CLEVELAND - DEPORTED by the United States, retired autoworker John Demjanjuk was carried in a wheelchair onto a jet that departed on Monday evening for Germany, which wants to try him as an accessory to the murders of Jews and others at a Nazi death camp in World War II.
Demjanjuk, 89, arrived in an ambulance at Cleveland Burke Lakefront Airport after spending several hours with US immigration officials at a downtown federal building. Airport commissioner Khalid Bahhur confirmed Demjanjuk was on the plane and that its destination is Germany.
The deportation came four days after the US Supreme Court refused to consider Demjanjuk's request to block deportation and about 3 1/2 years after he was last ordered deported.

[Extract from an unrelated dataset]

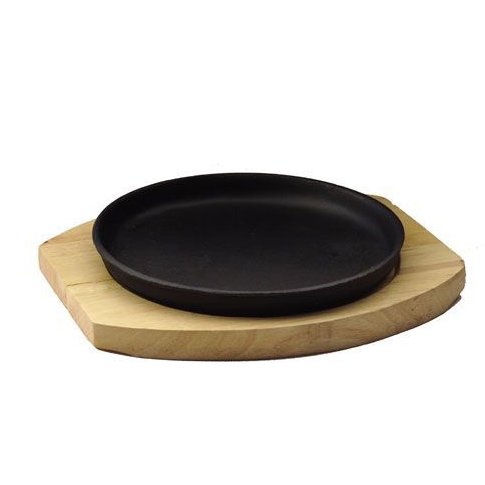 Сковорода порц. d=18,5 см. h=2 см. чугун. на дерев. подставке /1/10/

The Ukrainian-born Demjanjuk (pronounced dem-YAHN'-yuk) is wanted on a Munich arrest warrant that accuses him of 29,000 counts of accessory to murder as a guard at the Sobibor death camp in Nazi-occupied Poland. The legal case spans three decades.
A German Justice Ministry spokesman, Mr Ulrich Staudigl, said the retired autoworker was expected to be in Germany by Tuesday.
Demjanjuk denies Germany's accusations, saying he was held by the Germans as a Soviet prisoner of war and was never a camp guard. Demjanjuk's family fought deportation, arguing he is in poor health and might not survive the trans-Atlantic journey.
Rabbi Marvin Hier, a founder of the Los Angeles-based Simon Wiesenthal Center, said Demjanjuk deserves to be punished and that this will probably be the last trial of someone accused of Nazi war crimes.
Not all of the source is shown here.